I was trying to prove that if $d \mid a$ and $d \mid b$ then $d \mid \gcd(a,b)$ but wanted a proof that didn't require me to know that $\gcd(a,b) = ax + by$, i.e. that didn't require me to know that the $\gcd(a,b)$ was a linear combination of $a$ and $b$. With that knowledge the proof is trivial (plus for further understanding I wanted a different perspective on this fact that seems to me that doesn't necessarily require that knowledge).
I was trying to think in terms of factorizations to see if I could make it work and these are my current thoughts: if some prime number $p$ divides $a$, and it divides $b$, then it must also divide the GCD. This seems intuitive for primes but if the divisor $d$ is not a prime, I am not sure how to extend the argument.
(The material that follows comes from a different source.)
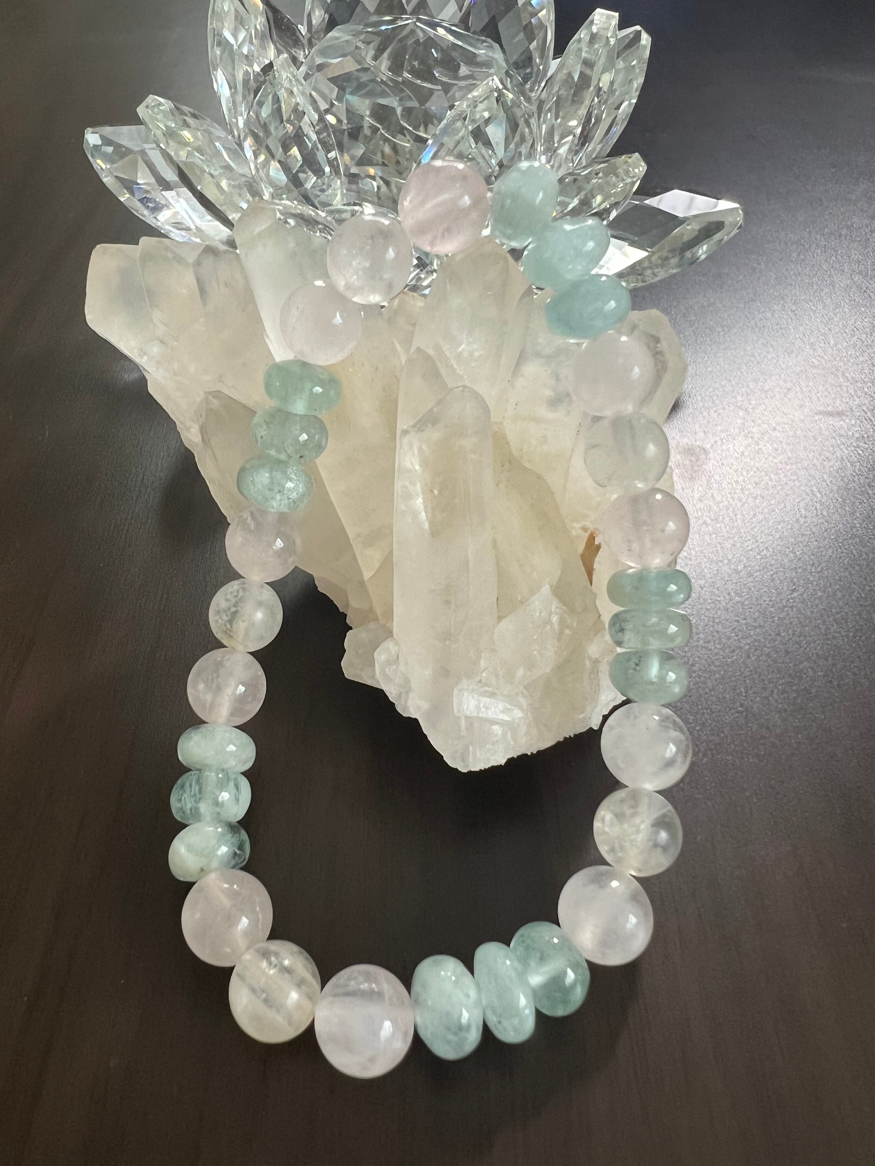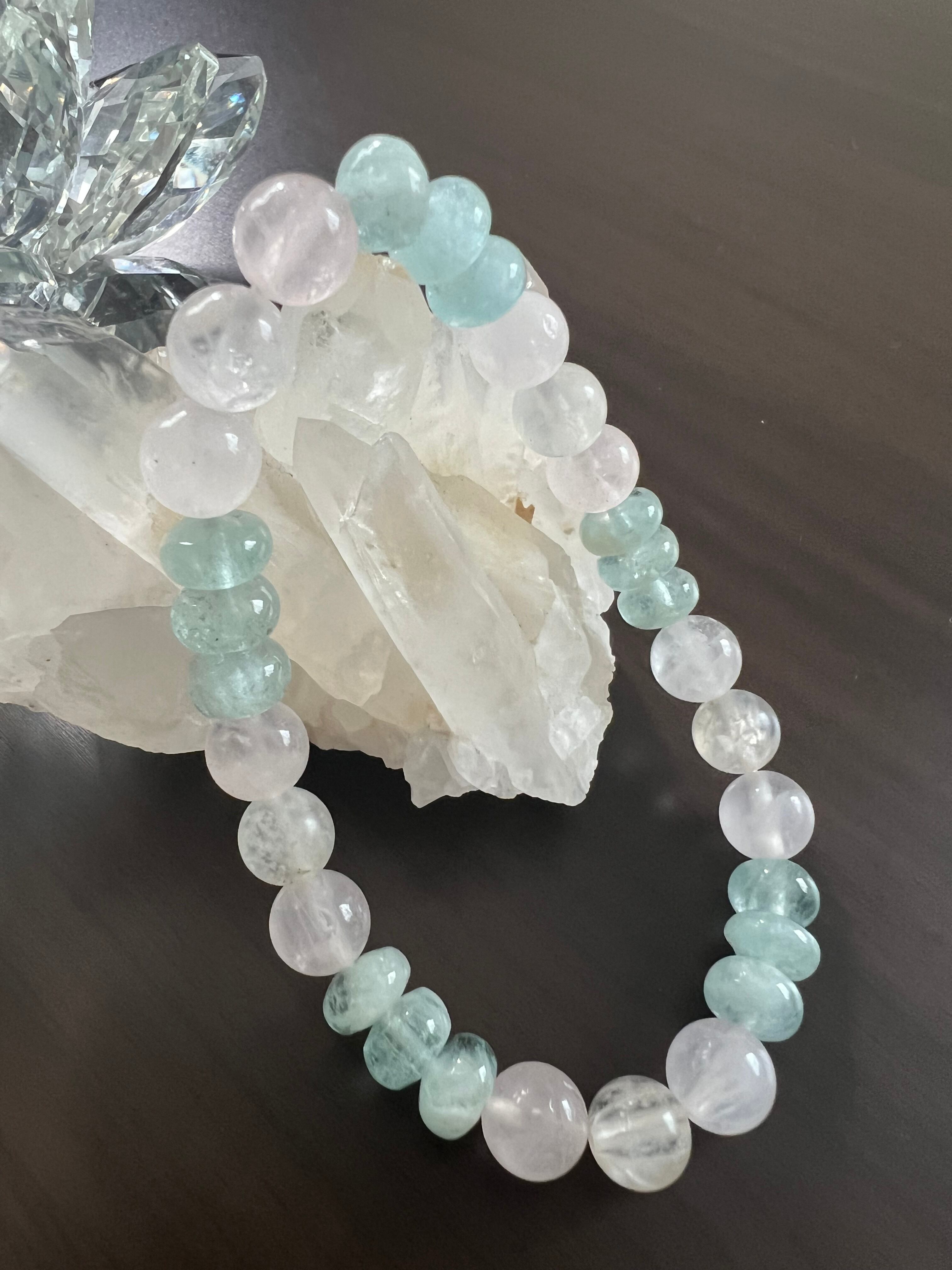 精巧なそろばんカットが施されたアクアマリンとムーンストーンのセット。神秘的な輝きを放つ天然石。それぞれの意味として、アクアマリンは平和な心と愛を象徴し、ムーンストーンは女性性や直感力を高めると言われています。このブレスレットは、身に着けるだけで心が穏やかになるようなパワーを感じさせます。

Anyone have any ideas?
Well, if you are willing to use Unique Factorization then, for every prime $p$, $ord_p$ of the gcd is $\min(ord_p(a),ord_p(b))$. But your assumption on $d$ implies that $ord_p(d) \leq \min(ord_p(a),ord_p(b))$.
To elaborate: in the above, $ord_p(n)$ denotes the largest integer $a_p$ such that $p^{a_p}$ divides $n$. Thus, for example, $ord_2{12}=2$, $ord_3{12}=1$. Unique Factorization tells you that $$n=\prod_{p\;prime}p^{ord_p(n)}$$
It follows quickly that $d$ divides $n\;\iff\;ord_p(d)≤ord_p(n)\;\forall\;p$. This quickly implies that $$gcd(a,b)=\prod_{p\;prime}p^{min(ord_p(a),ord_p(b))}$$
I think this should be enough to help you fill in the gaps in my initial argument.
Note: I am not a big fan of this proof, as I think Unique Factorization is a deeper result than the statement about getting the gcd as a linear combination of the terms. Indeed, it is not unusual to use the linear combination principle along the path toward proving Unique Factorization.